I'm interested in this too... FBFS doesn't operate in Calif. it looks like


----------



## Birdman (May 8, 2009)

This ad is in the Walter T Kelley catalog " We can cover your Beekeeping Insurance needs with our special farm policy" Lani Basberg Agency,LLC. toll free 1-866-456-2572 [email protected] . I know nothing about it, just seen it in the catalog.


----------



## Rader Sidetrack (Nov 30, 2011)

I also had never heard of this agency until today, but here is their website, specifically, their page on _Beekeeping Insurance_!

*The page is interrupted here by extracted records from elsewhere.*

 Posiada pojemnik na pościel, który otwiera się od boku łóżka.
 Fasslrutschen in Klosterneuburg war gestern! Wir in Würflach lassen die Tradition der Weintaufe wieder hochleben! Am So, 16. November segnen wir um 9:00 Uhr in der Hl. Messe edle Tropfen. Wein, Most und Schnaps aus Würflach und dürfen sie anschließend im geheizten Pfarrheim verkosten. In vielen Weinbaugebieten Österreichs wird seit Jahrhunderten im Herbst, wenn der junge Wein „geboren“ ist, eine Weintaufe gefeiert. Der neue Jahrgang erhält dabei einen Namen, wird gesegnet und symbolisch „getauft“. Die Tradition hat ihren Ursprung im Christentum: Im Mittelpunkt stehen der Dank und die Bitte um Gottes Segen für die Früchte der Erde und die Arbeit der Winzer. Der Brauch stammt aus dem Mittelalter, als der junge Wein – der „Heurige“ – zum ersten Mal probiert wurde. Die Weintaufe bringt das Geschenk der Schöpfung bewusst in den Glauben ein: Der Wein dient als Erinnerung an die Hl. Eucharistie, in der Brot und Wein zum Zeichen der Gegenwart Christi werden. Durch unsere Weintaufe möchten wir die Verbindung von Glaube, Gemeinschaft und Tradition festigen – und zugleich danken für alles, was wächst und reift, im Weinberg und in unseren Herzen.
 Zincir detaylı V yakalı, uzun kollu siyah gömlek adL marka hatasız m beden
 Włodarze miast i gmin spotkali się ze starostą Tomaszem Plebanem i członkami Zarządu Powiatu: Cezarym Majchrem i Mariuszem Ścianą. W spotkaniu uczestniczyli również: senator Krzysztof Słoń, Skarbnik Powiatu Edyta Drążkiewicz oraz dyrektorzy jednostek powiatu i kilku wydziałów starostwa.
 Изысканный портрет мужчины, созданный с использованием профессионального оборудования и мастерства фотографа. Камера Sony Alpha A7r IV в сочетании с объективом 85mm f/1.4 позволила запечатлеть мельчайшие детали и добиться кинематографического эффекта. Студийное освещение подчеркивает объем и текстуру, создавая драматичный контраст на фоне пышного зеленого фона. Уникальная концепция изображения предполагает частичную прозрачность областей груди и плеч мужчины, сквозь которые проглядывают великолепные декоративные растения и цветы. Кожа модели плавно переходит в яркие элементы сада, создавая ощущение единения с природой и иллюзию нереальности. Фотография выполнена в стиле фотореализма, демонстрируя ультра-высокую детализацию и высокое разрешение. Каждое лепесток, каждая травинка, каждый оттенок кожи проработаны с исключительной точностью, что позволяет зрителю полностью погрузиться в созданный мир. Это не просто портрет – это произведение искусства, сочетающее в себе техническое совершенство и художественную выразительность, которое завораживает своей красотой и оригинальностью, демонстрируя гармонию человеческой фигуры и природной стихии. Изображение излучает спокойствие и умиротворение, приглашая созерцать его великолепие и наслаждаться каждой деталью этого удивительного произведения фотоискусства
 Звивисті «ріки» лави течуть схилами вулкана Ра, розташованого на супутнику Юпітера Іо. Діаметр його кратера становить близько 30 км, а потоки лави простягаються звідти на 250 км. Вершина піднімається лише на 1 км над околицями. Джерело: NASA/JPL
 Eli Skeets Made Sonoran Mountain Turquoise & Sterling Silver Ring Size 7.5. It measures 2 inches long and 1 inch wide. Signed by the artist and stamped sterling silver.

http://www.lanibasberg.com/our-services-kentucky.html


----------



## rtoney (Apr 20, 2011)

Liability for beekeepers is not difficult to get. I have been in insurance for 17 years and have companies that will insure beekeeper liability. You do want to make sure that the agent you are looking at can write business in your state. The company in WTK may be able to write in Kentucky (which is part of the web address) but not in other states. That being said if you are in Kentucky and have coverage through them it is not only good just in Kentucky unless that is specified in the policy. Since I am lic. in Missouri I can only write coverage for those living or have their business address in Missouri but the coverage will go with them if they do business out of state.


----------



## pacificreserve (Jul 29, 2013)

Were you able to find product liability insurance for your beekeeping business? If you are making your living off of selling honey, I would strongly recommend you consider getting insurance (or at least get a quote). I can help you get a quote if you are doing business in Arizona, Texas or Nevada. If you need help finding a broker in another state, let me know too!


----------



## LT (Aug 17, 2006)

Any underwriters in North Carolina onboard? Thanks


----------



## clyderoad (Jun 10, 2012)

Got liability insurance last week from Farm Family Insurance. The agent was familiar with the beekeeping/honey selling issues I had been concerned about. The process was fast, easy and hassle free. I think a good and knowledgeable broker helps, but Farm Family is worth while looking into.
I'm on Long Island in NY, and can stop worrying every time I sell a bunch of 1 lb. honey bottles to a farm stand for resale to retail customers.


----------



## LeonardS (Mar 13, 2012)

What was the cost for the insurance?


----------



## clyderoad (Jun 10, 2012)

400$ for the year. $1 mil/occurrence, $2 mil aggregate covers product liability, property damage, bodily injury.


----------



## dizzybee (Aug 17, 2012)

American National and Farm family specialize in farming coverage based on exposure 1 million /2 million is around $500.00 if you also have a road side fruit stand you can also have that exposure covered . 
I know I insure apiary and small farms. Lic Nevada Az and Utah Dawn [email protected] dawnfisler.com


----------



## OneEyedRooster (Nov 10, 2012)

Erie insurance has a product liability policy that starts around $300 and goes up depending on your annual sales for a 1 million/2 million aggregate policy.


----------